> [Task to complete] For the listing below, output exactly the lines from the line with "中国移动香港有限公司、中国旅" up to and including the line with "Cercei lungi din", and no other lines.

====== Source records

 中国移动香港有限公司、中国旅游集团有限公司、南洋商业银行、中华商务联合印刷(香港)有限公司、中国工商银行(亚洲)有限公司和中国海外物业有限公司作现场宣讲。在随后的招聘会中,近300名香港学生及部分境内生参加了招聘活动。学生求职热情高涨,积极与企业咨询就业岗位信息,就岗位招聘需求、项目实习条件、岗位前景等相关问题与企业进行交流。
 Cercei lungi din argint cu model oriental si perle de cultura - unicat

============
====== Source records

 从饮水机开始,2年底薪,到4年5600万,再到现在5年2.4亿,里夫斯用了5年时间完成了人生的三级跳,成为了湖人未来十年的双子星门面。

============
====== Source records

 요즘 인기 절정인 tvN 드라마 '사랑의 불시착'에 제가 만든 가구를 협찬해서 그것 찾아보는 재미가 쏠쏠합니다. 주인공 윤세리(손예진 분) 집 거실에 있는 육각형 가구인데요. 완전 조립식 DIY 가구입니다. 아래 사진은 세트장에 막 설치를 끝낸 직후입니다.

============

> [Answer to this exercise]
 中国移动香港有限公司、中国旅游集团有限公司、南洋商业银行、中华商务联合印刷(香港)有限公司、中国工商银行(亚洲)有限公司和中国海外物业有限公司作现场宣讲。在随后的招聘会中,近300名香港学生及部分境内生参加了招聘活动。学生求职热情高涨,积极与企业咨询就业岗位信息,就岗位招聘需求、项目实习条件、岗位前景等相关问题与企业进行交流。
 Cercei lungi din argint cu model oriental si perle de cultura - unicat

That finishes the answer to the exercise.